Zero install friction (no changes to your codebase), and the IDE agent bridge lets you route edits through Cursor or Copilot if you already use them. Framework-agnostic. YC-backed. The catch: 10 free prompts per day, 100/day for ~20/month. The built-in agent requires a Stagewise account with no true BYOK, and the proxy architecture gives it limited server-side context.

Frontman

frontman.sh | ~131 stars | Apache-2.0 (client) / AGPL-3.0 (server)

Disclosure: We built this.

Frontman is an open-source AI coding agent that hooks into your dev server as framework middleware for Next.js, Astro, and Vite (React, Vue, Svelte). Because it installs inside the framework, it has access to things the proxy approach can’t reach: component tree, computed styles, server-side routes, server logs, and compiled modules, all exposed via MCP. Click any element, describe the change, get a source code edit with hot reload.

Fully free, no prompt limits, no account required. BYOK with Claude, OpenAI, or OpenRouter. Designers and PMs can make visual changes without touching an IDE.

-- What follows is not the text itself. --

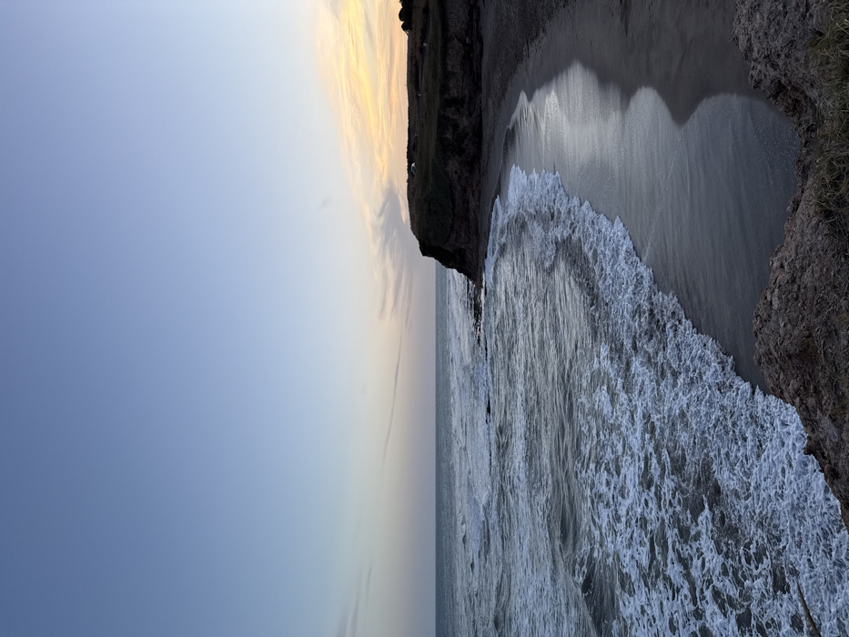 An ocean view framed by land on either side. Waves break on the beach. The sky transitions from blue to yellow, suggesting sunrise or sunset. A rocky cliff rises from the beach. Shadows indicate the scene is illuminated from the left. The image is rotated ninety degrees clockwise.

It’s early stage: small community, incomplete documentation, rough edges. Only three frameworks supported (Next.js, Astro, Vite). Source mapping breaks on deeply abstracted component libraries. 131 stars means limited real-world validation.

bolt.diy

github.com/stackblitz-labs/bolt.diy | 19,100 stars | MIT

The open-source version of Bolt.new. Generates and runs full-stack web apps in the browser using WebContainers. Supports 19+ LLM providers via BYOK. Electron desktop app available.

bolt.diy targets a different use case from Stagewise and Frontman. It generates new applications from scratch in a sandbox. The others edit existing codebases.

MIT license, 10,400 forks, and a desktop app for offline use. But the WebContainers API requires a commercial license for production/for-profit use, which undermines the MIT license promise. It generates in a sandbox rather than your real codebase, so it’s less useful for iterating on existing projects.

How to Choose

The right tool depends on what you’re trying to do:

“I want AI autocomplete in my editor.” Tabby (self-hosted), Continue (cloud), or GitHub Copilot (proprietary, for comparison).

“I want an AI agent in my terminal.” Aider for pair programming with git integration. Goose for broader task execution beyond just code.

“I want an AI agent in VS Code.” Cline is the most popular. Roo Code if you want structured modes. Kilo Code if you need JetBrains support.

“I want to click things in the browser and have AI edit the code.” Frontman if you want deep framework integration and BYOK. Stagewise if you want zero-install and IDE agent bridging.

“I want to generate a new app from a prompt.” bolt.diy or OpenHands.

“I want a full autonomous developer agent.” OpenHands is the most complete option.

Many of these tools are complementary. Using Aider in the terminal doesn’t prevent you from also using Frontman in the browser for visual tweaks. Using Cline in VS Code doesn’t conflict with Tabby for completions. Pick the tools that match your specific workflow gaps.